The regression equation given by model with main effects is:
logit(p[CollegeYes]) = -4.025 + 0.594*IQLM + 1.333*IQUM + 1.966*IQH + 2.455*ParentH + 0.356*SESLM + 0.662*SESUM + 1.414*SESH

All of the parameters’ coefficients are possitive. This means the odds ratio of having a college plan increases along with the increase of each level of each parameter.

The first parameter is IQ. The coefficient of IQH is the largest, which means the students with high IQ are most likely to have a college plan.

The second parameter is parental encouragement. The result shows students are likely to have a college plan when their parental encouragement is high.

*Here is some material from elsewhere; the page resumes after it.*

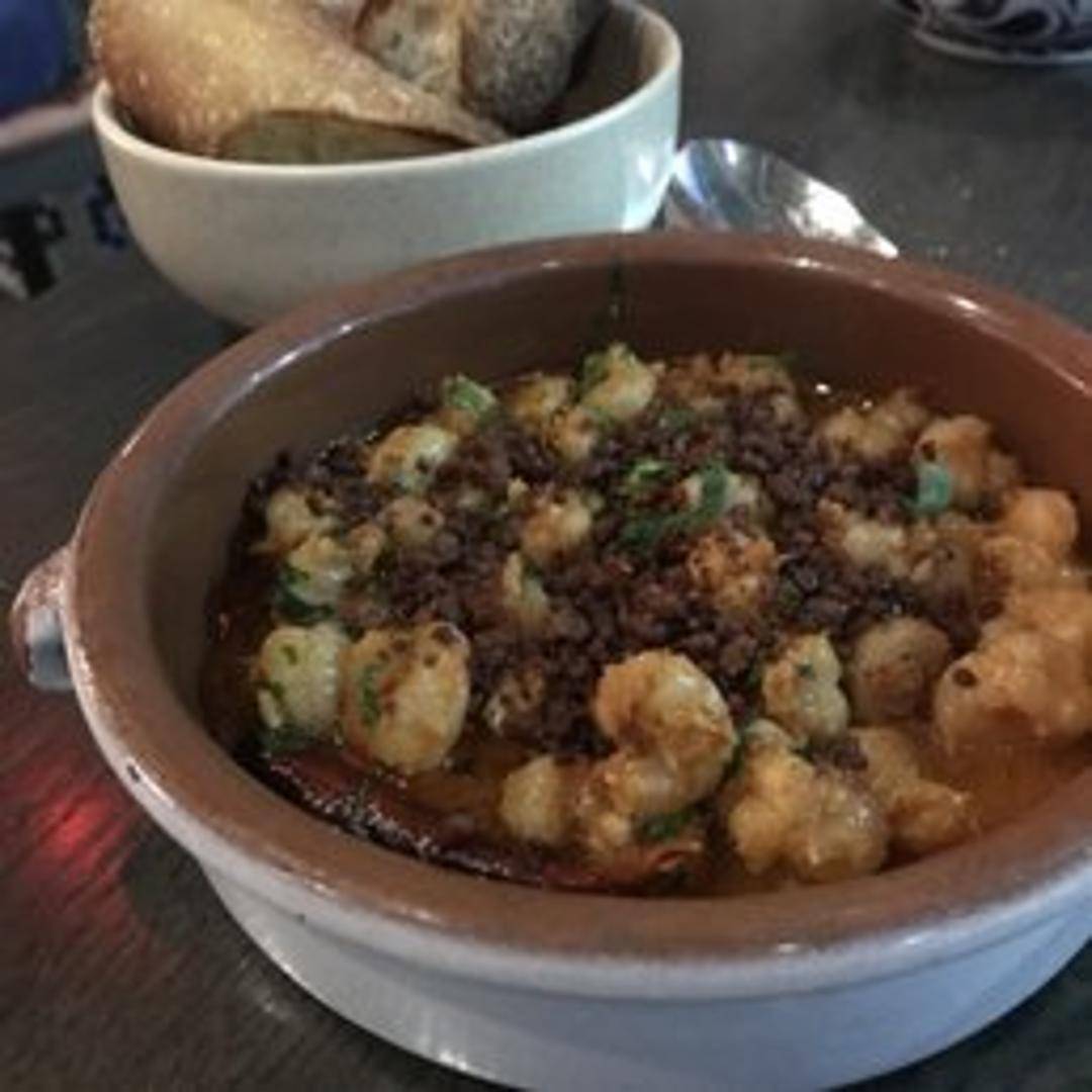 Sizzling Spanish garlic shrimp, a beloved classic. Succulent shrimp are quickly sautéed in olive oil with abundant garlic slices and often a touch of chili, creating an aromatic and intensely flavorful dish. Served piping hot, it's perfect for dipping with crusty bread.

The third parameter is socioeconomic status. The coefficient of SESH is the largest, which means the students in high socioeconomic status are most likely to have a college plan.

This model explains most of the variation of the response variable. Compared to the model with interactions, it is simpler but not simplified.